Supplied material>
== Segment start ==

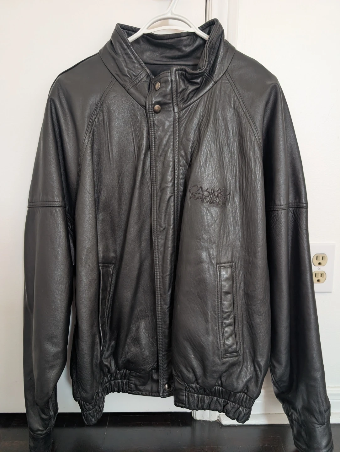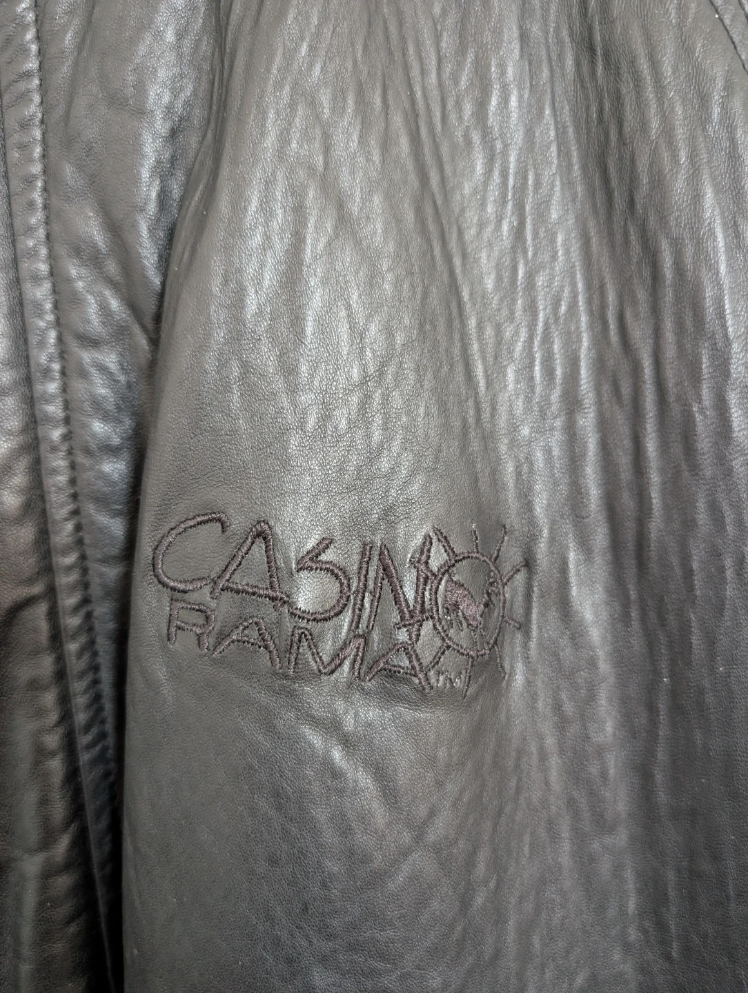 This is a black leather bomber jacket with embroidered "CASINO RAMA" logo. It features a full zip closure and elasticated cuffs and hem. Leather material. It is made in Canada!
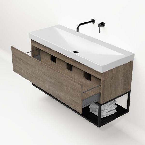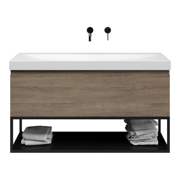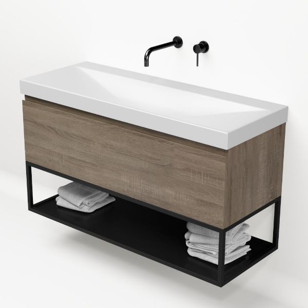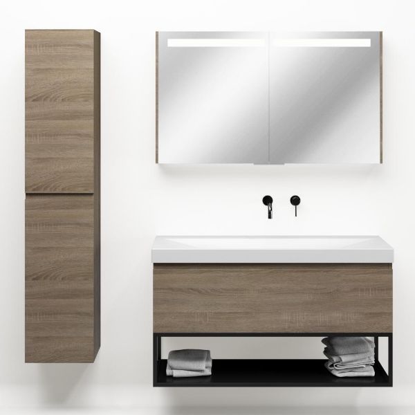 Bellanti Solo/Tela/Jenthe badmeubel 120x46 1 softclose lade eiken donker greeploos keramische wastafel wit mat zonder kraangaten met mat zwart metalen frame
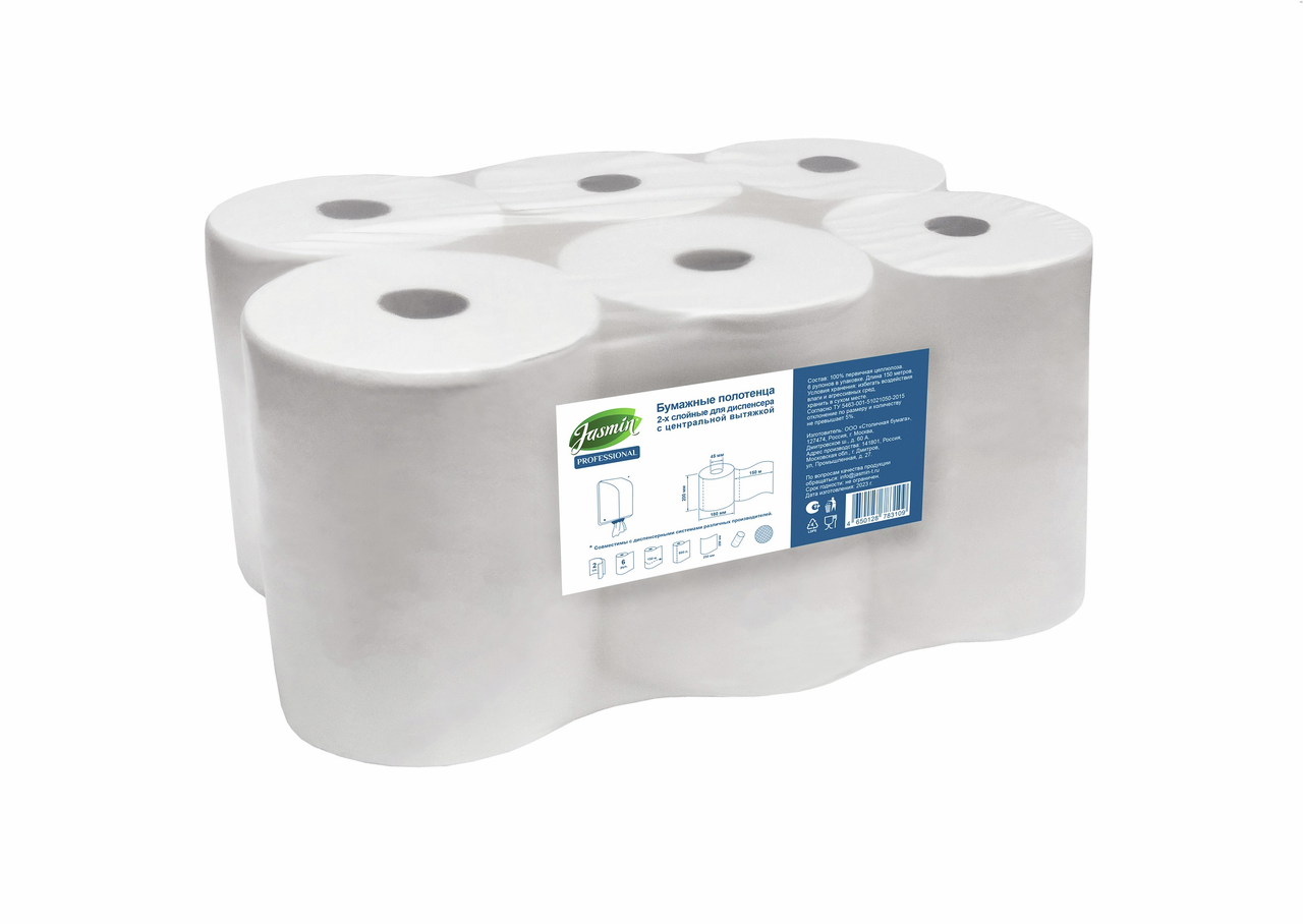 Полотенце бумажное Jasmin Professional для диспенсера 2 слоя, 6шт
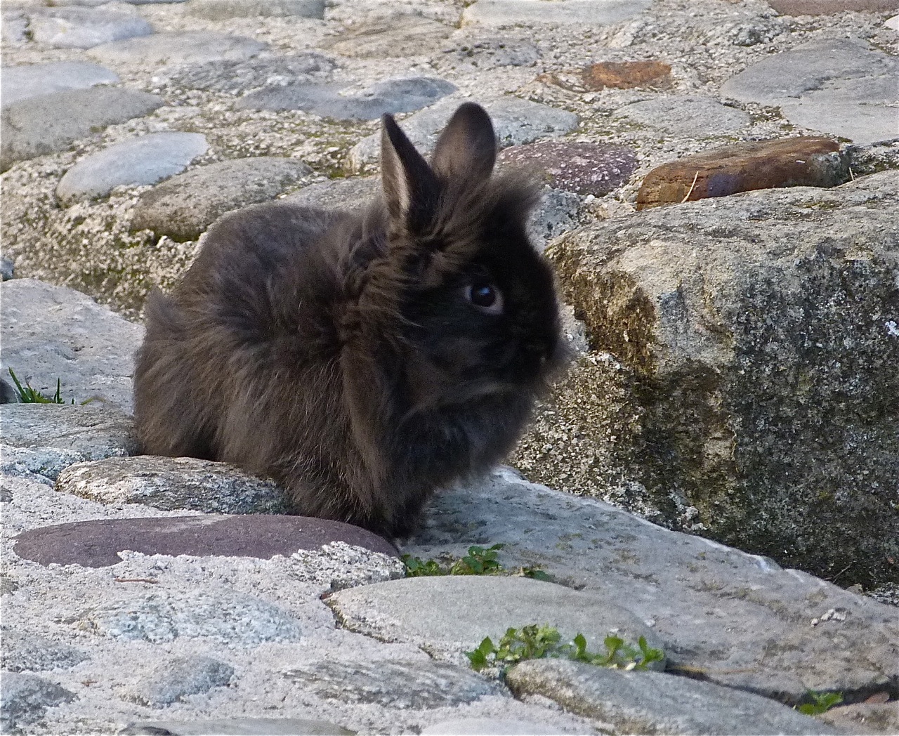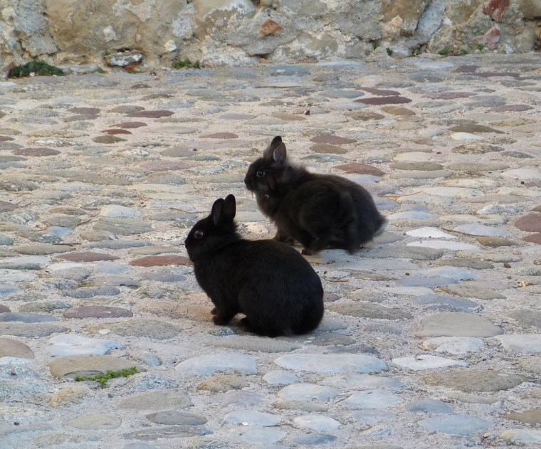 PET RABBITS ON THE LOOSE – CHURCH SQUARE, COARAZE, FRANCE

== Segment end ==

What to produce> An exact transcript is required, covering the lines from the one containing "Bellanti Solo/Tela/Jenthe badmeubel" through the end of the listing above, inclusive, without pictures.

Reply>
 Bellanti Solo/Tela/Jenthe badmeubel 120x46 1 softclose lade eiken donker greeploos keramische wastafel wit mat zonder kraangaten met mat zwart metalen frame
 Полотенце бумажное Jasmin Professional для диспенсера 2 слоя, 6шт
 PET RABBITS ON THE LOOSE – CHURCH SQUARE, COARAZE, FRANCE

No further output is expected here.